Hormonal regulation of nuclear cyclic AMP-dependent protein kinase subunit levels in rat ovaries.

Biochemical as well as immunochemical studies were carried out to quantitatively and qualitatively evaluate the hormonal regulation of nuclear cAMP-dependent protein kinase subunits in ovaries from estrogen-treated hypophysectomized rats. Photoaffinity labeling of nuclear extracts with 8-azido-[32P]cAMP and electrophoretic analysis showed the existence of three variants of the regulatory subunit RI and of a 52,000-dalton RII variant (RII-52) in ovarian nuclei of estrogen-primed hypophysectomized rats. After follicle-stimulating hormone (FSH) stimulation, an additional variant of RII (RII-51, Mr = 51,000) was detected in nuclei.
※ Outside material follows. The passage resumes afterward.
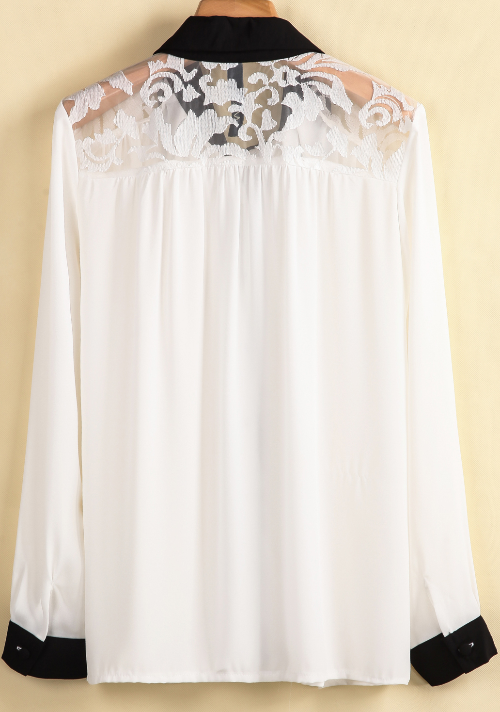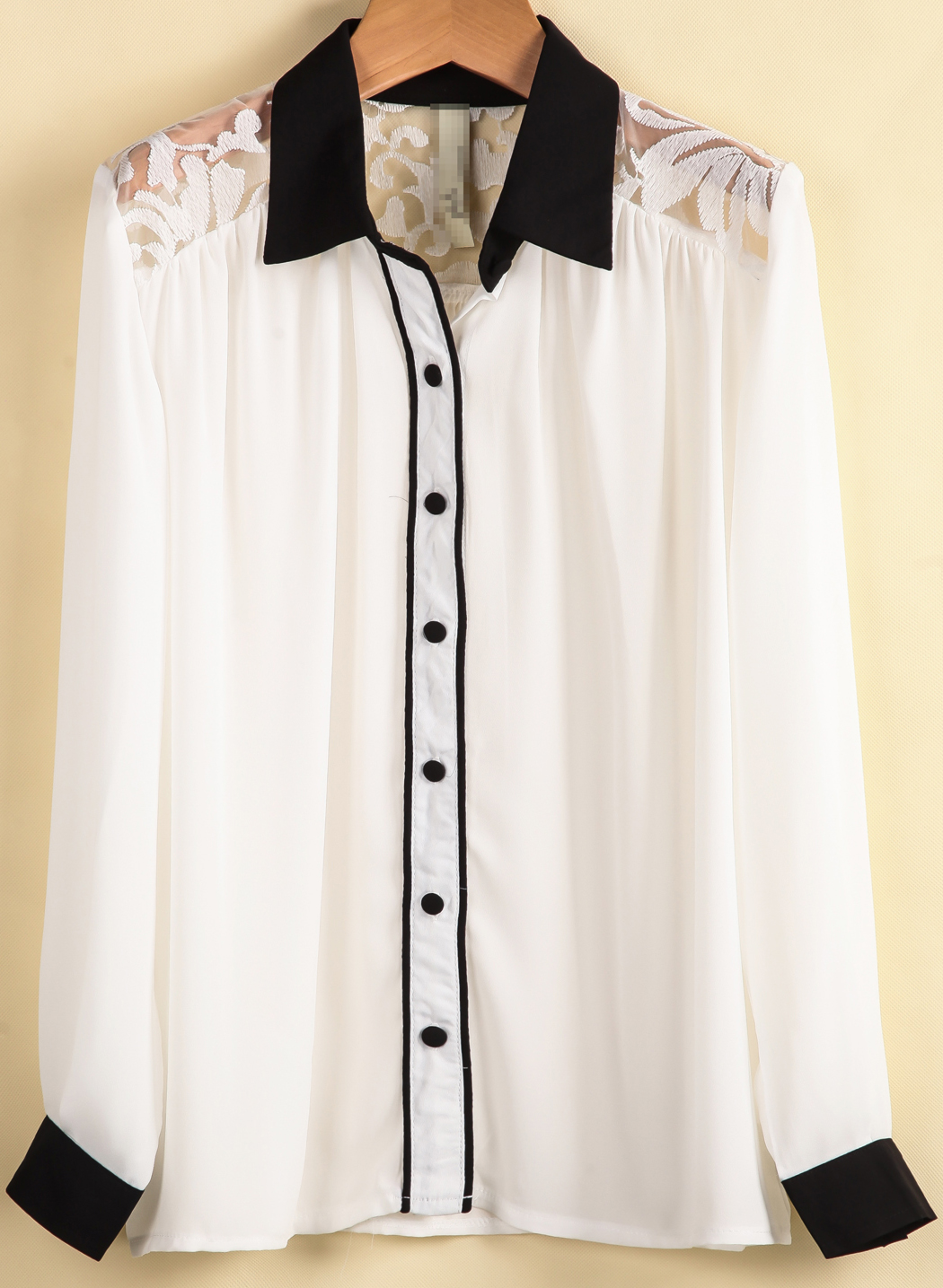 Օձիքով, երկարաթև, թևերի և օձիքի հատվածում եզերված սև կտորով, ուսերի հատվածում ժանյակավոր, գործնական, դասական վերնաշապիկ:

The cytosolic RII-54 variant (Mr = 54,000) could not be identified in nuclei by photoaffinity labeling. The FSH-mediated appearance of the nuclear RII-51 variant was accompanied by an approximate 2-fold increase of nuclear catalytic subunit activity. Using quantitation by enzyme-linked immunosorbent assay, we identified a marked FSH-mediated increase of nuclear RII variant(s) and confirmed the increase of nuclear catalytic subunit levels. Furthermore, morphometric analysis of nuclear and cytoplasmic antigen density by immunogold electron microscopy demonstrated a cell-specific modulation by FSH of RII and C subunit density. In granulosa cells, both nuclear as well as cytoplasmic RII density was increased by FSH, whereas catalytic subunit density was increased in the nuclear area only. In thecal cells, FSH increased only the nuclear catalytic subunit density. These results provide biochemical as well as immunochemical evidence for a cell-specific FSH regulation of nuclear RII and catalytic subunit levels which may be involved in the molecular events responsible for the FSH-mediated differentiation of the rat ovary.